Throughout his life, various painters painted his portraits, Titian being his painter par excellence
From his earliest years until before his death, Emperor Charles V was portrayed by some of the most famous painters of the day. In particular, one of them, Titian, who has already acquired the status of universal genius.
From his earliest years, Charles V, who was to become emperor, understood that he would be the subject of interest to various painters. The portrait that hangs on the walls of Schloss Ambrass Innsbruck, whose authorship remains anonymous, dates from this period of his childhood.

Shortly afterwards he also posed for Bernhard Striegel, the court portraitist of Maximilian I. In 1515, in particular, he painted a portrait in which he presented the imperial family as members of the family of Christ.
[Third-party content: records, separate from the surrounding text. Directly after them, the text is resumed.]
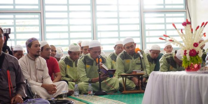“Terima kasih atas berkenannya Guru Udin hadir di tengah-tengah kita, meski lokasi kita sangat jauh, namun beliau dan rombongan tidak surut semangat untuk hadir berikan tausiah di Lapas Narkotika Karang Intan. Ini akan menjadi agenda rutin tahunan, untuk menghadirkan beliau memberi tausiah kepada kita semua,” ucap Kepala Lapas (Kalapas) Wahyu Susetyo dalam sepenggal sambutannya.
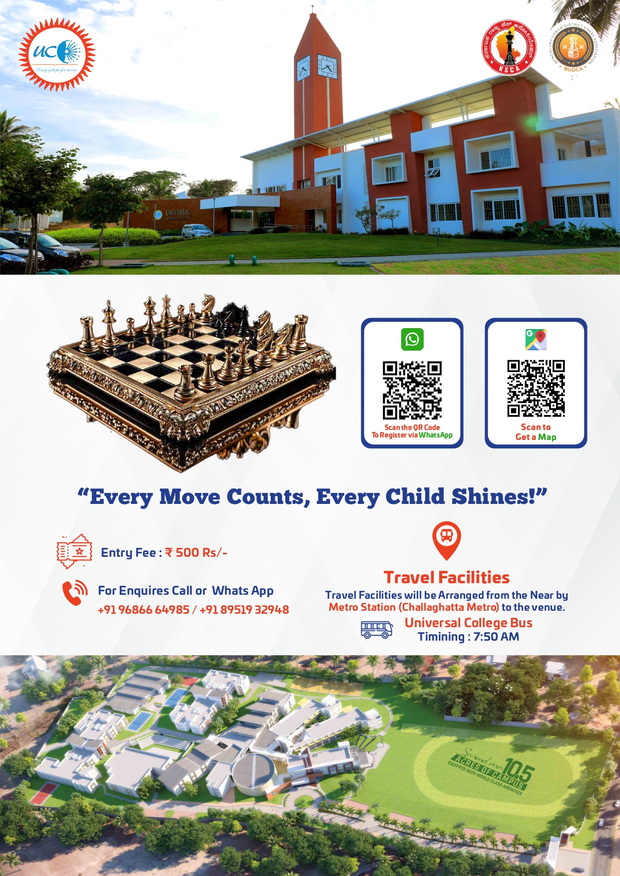 Chess, the game of intellect and strategy, is not just a sport but a powerful tool that sharpens the mind, enhancing cognitive abilities and decision-making skills. Universal Group of Institutions (UGI) is proud to announce the 3rd Universal Age-Category Chess Tournament under the IQAC initiative. This event, set to take place on 22nd November 2025 at 8:30 AM, is organized by the Department of Physical Education and Sports, under the esteemed aegis of KSCA (Karnataka State Chess Association) and BUCA (Bangalore University Chess Association).
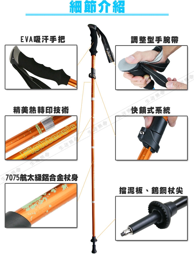 1.此杖除作為登山、健走、徒步旅行用途之外,請勿做為其他用途。
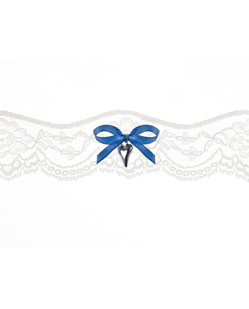 Čipkovaný biely podväzok pre nevestu s modrou mašličkou a strieborným srdiečkom.
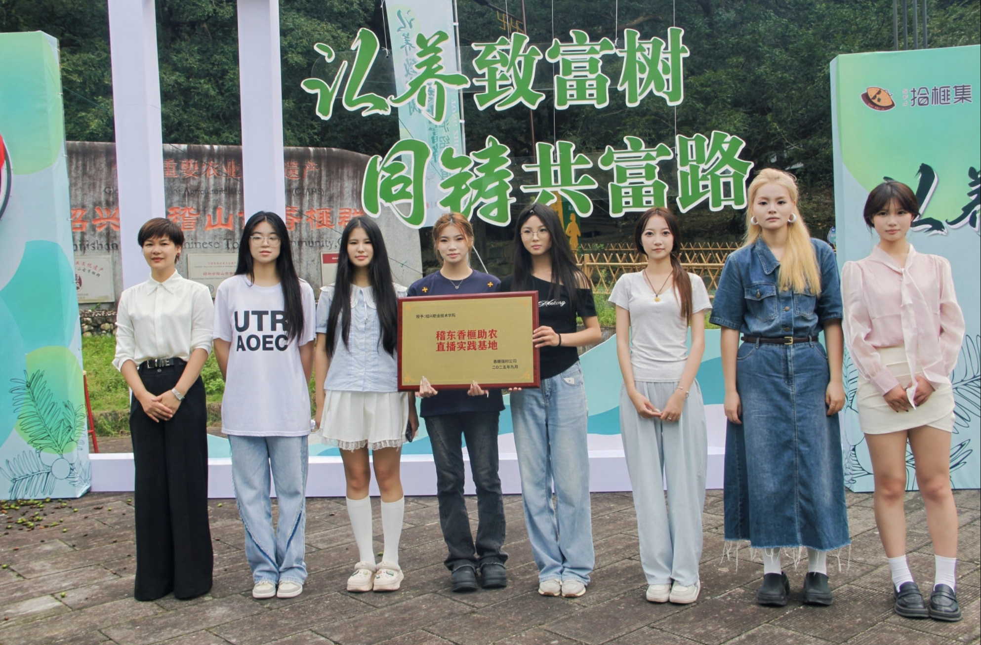 大学生通过电商直播,拓宽香榧等农产品的销路。 稽东镇是香榧核心产区,拥有超5万亩种植面积与千年香榧林,然而,香榧产业如今面临着种植不稳定、销售渠道传统、人才短缺、品牌推广难等问题。今天的仪式上,“致富树”项目正式启动,上海阿甘兄弟品牌管理有限公司等企业与稽东镇正式签订认养协议。每一棵被认养的香榧古树,都将获得一张独一无二的电子“树权凭证”。企业不仅能够收到树上结出的香榧果实,更成为乡村故事的“共创者”。
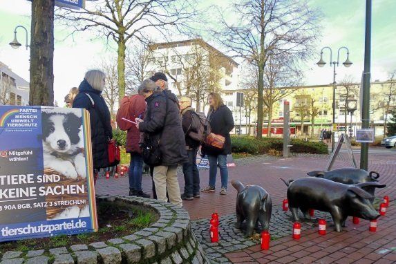 Grüne, Linke und Tierschützer aus Oer-Erkenschwick, Datteln und Waltrop haben sich am Samstag am Berliner Platz bei den Schweinchen getroffen. Mit Plakaten, Flugblättern, Bannern und Grablichtern haben sie friedlich ihren Protest gegen die geplante Erweiterung von Westfleisch zum Ausdruck gebracht. Mit dabei waren auch Mitglieder der Dattelner Wählergemeinschaft Die Grünen..
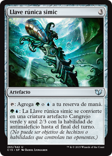 | Rules | : Add or . : Simic Keyrune becomes a 2/3 green and blue Crab artifact creature with hexproof until end of turn. (It can't be the target of spells or abilities your opponents control.) |

Later, in 1530, it was Jan Vermeijen, the Bearded, who painted the portrait after his coronation as Holy Roman Emperor, in which the features that would become general features in later paintings can already be discerned.

During this period, the emperor’s most splendid period, it was Titian who immortalised the emperor in some of his most mythical moments. In 1532, Charles V posed for the first time before the brush of the great Italian painter, who presented him as a young man about to undertake a project as overwhelming as it was exhausting.

One of these mythical moments was the one painted by Titian in 1548 for Maria of Habsburg, the emperor’s sister: his victorious portrait after the battle of Mühlberg. That same year he also took the opportunity to portray him in a pose that foreshadowed what was to happen seven years later, namely his renunciation of the throne and his definitive retirement to the Monastery of Yuste.


Finally, we must not forget the portrait of the emperors, that is, Charles V and Elizabeth of Portugal, which Titian painted years after the latter’s death – and whom, it is believed, he never met – of which a version by Rubens has survived, as the original was lost in the fire at the Alcázar Palace in Madrid in 1734.